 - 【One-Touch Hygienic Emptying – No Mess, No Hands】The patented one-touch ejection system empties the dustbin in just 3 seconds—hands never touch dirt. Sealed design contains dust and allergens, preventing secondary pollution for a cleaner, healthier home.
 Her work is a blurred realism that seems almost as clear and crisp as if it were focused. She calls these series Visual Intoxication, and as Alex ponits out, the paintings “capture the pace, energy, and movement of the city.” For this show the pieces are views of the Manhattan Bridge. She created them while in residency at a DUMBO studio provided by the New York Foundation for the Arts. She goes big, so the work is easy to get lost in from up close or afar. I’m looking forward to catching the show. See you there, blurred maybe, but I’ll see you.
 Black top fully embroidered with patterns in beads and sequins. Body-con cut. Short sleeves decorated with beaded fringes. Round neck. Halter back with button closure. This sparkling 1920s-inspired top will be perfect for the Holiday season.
--
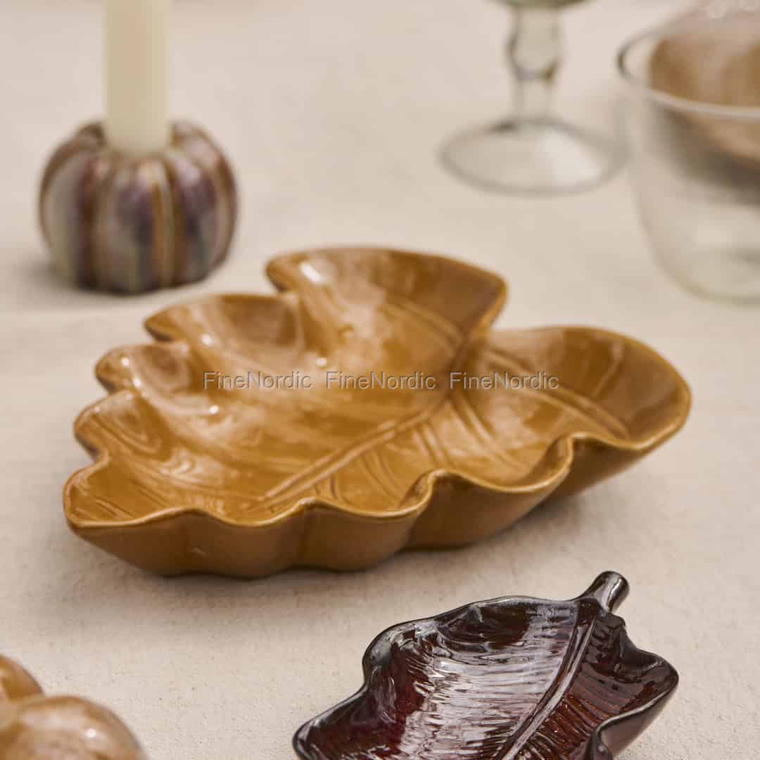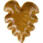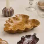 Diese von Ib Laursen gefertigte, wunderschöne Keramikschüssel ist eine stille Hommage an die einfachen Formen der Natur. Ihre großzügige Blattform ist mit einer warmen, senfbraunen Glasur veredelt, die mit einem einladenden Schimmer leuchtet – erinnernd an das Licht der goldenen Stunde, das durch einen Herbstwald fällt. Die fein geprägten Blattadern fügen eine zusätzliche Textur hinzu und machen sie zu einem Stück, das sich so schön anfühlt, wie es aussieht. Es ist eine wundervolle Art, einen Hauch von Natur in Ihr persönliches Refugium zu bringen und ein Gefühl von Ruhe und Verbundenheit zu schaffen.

Exercise: Only one stretch of the records above is wanted: the lines between the one holding "- 【One-Touch Hygienic" and the one holding "Her work is", inclusive, reproduced exactly.

Reply to the exercise:
 - 【One-Touch Hygienic Emptying – No Mess, No Hands】The patented one-touch ejection system empties the dustbin in just 3 seconds—hands never touch dirt. Sealed design contains dust and allergens, preventing secondary pollution for a cleaner, healthier home.
 Her work is a blurred realism that seems almost as clear and crisp as if it were focused. She calls these series Visual Intoxication, and as Alex ponits out, the paintings “capture the pace, energy, and movement of the city.” For this show the pieces are views of the Manhattan Bridge. She created them while in residency at a DUMBO studio provided by the New York Foundation for the Arts. She goes big, so the work is easy to get lost in from up close or afar. I’m looking forward to catching the show. See you there, blurred maybe, but I’ll see you.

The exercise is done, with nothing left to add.